Квилп незаметно повернул фонарь стеклом к себе и теперь трясся от хохота, с восторгом прислушиваясь к тому, как стряпчий спотыкается о доски и чуть ли не через каждые два-три шага тяжело валится на землю. Наконец несчастный Самсон выбрался в переулок, и во дворе все стихло.
Квилп запер дверь конторы на ключ и снова прыгнул в гамак.
Глава LXIII
Должностное лицо, сообщившее Киту утешительное известие о том, что его пустяковое дело будет слушаться в Олд-Бейли
[86]и не займет много времени, оказалось совершенно право в своих предположениях. Ровно через восемь дней сессия возобновилась. Через день после ее начала Большое Жюри [87]вынесло вердикт о предании Кристофера Набблса уголовному суду за кражу, а еще через два дня вышепоименованный Кристофер Набблс должен был или опровергнуть предъявленное ему обвинение, или же признаться в том, что он, этот самый Кристофер, мошенническим образом похитил и украл из дома и конторы некоего Самсона Брасса, джентльмена, билет достоинством в пять фунтов стерлингов, выпущенный Английским банком, — а следовательно, нарушил установленные на сей предмет законы, а также посягнул на спокойствие его величества короля и на достоинство королевской власти [88].Выслушав судью, Кристофер Набблс дрожащим, тихим голосом пролепетал: «Нет, не виновен». И здесь напомним тем, кто любит высказывать суждения скороспелые и поверхностные и кто вменил бы в обязанность Кристоферу говорить громко, уверенно, — напомним им, что тюрьма и пережитые волнения способны сокрушить самое мужественное сердце и что человек, просидевший под замком хотя бы только одиннадцать дней, ничего не видя, кроме каменных стен и двух-трех столь же каменных физиономий, робеет и теряется, когда его вдруг вводят в шумный зал, где перед ним мелькает множество незнакомых лиц. Здесь же следует отметить, что на свете есть немало людей, для которых человеческое лицо, обрамленное париком, кажется гораздо внушительнее н страшнее лиц с положенной им от природы шевелюрой, а если ко всему этому еще добавить вполне естественное чувство, охватившее Кита при виде обоих Гарлендов и маленького нотариуса, бледных, взволнованных, то вряд ли следует удивляться, что он был несколько не в своей тарелке и не мог проявить должное спокойствие.
Хотя Кит не видел со дня ареста ни своих хозяев, ни мистера Уизердена, ему было известно, что они пригласили адвоката для его защиты. И поэтому, когда один из присутствующих в зале джентльменов в парике встал и сказал: «Я со стороны обвиняемого, милорд», — Кит поклонился ему, а когда другой джентльмен в парике тоже встал и сказал: «Я со стороны обвинения, милорд», — Кит вздрогнул, но все же отвесил поклон и этому джентльмену.

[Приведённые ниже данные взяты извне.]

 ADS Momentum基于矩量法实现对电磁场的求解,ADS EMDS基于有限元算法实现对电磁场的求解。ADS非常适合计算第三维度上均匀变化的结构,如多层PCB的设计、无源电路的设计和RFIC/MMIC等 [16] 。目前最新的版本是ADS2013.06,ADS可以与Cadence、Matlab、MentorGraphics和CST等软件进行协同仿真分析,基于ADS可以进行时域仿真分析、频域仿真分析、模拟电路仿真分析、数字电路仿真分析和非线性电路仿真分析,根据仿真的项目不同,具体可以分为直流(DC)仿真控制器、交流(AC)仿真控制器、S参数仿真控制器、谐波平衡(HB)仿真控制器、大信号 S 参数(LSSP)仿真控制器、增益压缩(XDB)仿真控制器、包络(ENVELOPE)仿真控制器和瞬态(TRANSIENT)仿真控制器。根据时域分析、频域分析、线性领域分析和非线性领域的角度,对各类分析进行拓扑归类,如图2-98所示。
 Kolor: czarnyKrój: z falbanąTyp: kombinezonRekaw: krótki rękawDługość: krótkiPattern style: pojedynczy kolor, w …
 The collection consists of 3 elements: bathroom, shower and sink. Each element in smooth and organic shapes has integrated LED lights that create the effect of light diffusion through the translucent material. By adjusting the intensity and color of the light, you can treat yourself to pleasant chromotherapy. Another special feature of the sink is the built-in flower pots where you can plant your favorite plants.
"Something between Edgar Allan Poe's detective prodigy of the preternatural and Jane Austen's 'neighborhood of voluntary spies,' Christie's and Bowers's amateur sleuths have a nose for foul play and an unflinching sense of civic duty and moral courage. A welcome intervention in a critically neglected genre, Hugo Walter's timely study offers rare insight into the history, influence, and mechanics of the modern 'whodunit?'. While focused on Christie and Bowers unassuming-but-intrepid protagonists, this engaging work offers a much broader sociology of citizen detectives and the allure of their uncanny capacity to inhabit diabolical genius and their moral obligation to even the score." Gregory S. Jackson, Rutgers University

И как же он надеялся в глубине души, что его джентльмен не ударит в грязь лицом перед другим джентльменом и с первых же слов посрамит своего противника!
Джентльмен со стороны обвинения, выступивший первым, был в наилучшем расположении духа (ибо всего лишь несколько минут назад ему удалось добиться почти полного оправдания одного молодого человека, имевшего неосторожность убить собственного папашу) и потому залился соловьем, стараясь внушить присяжным, что, если они оправдают этого обвиняемого, им придется испытать такие же муки и угрызения совести, какие он сулил их предшественникам, если б те осудили того обвиняемого, Сообщив все подробности дела Кита — «самого позорного из всех, разбиравшихся на его памяти!» — джентльмен умолк, словно подготавливая слушателей к чему-то страшному, и после паузы сказал, что, насколько ему известно, его почтенный коллега (косой взгляд в сторону джентльмена Кита) намеревается опорочить показания тех безупречных свидетелей, которые вскоре предстанут перед судом, хотя он лично ожидает от своего почтенного коллеги большего доверия и уважения к истцу лучшему и достойнейшему члену достойнейшей корпорации, включившей его в свои ряды. Далее джентльмен осведомился, известна ли присяжным улица Бевис-Маркс? Если же улица Бевис-Маркс им известна (да кто позволит себе в этом сомневаться!), известны ли им также возвышающие душу исторические воспоминания, связанные с этим знаменитым местом? Неужто же такой человек, как Брасс, может жить на такой улице, как Бевис-Маркс, и не быть личностью в высшей степени добродетельной и благонамеренной? Наговорив с три короба на эту тему, джентльмен вдруг спохватился — вправе ли он оскорблять присяжных, втолковывая им то, что они прекрасно знают сами, и тут же вызвал Самсона Брасса.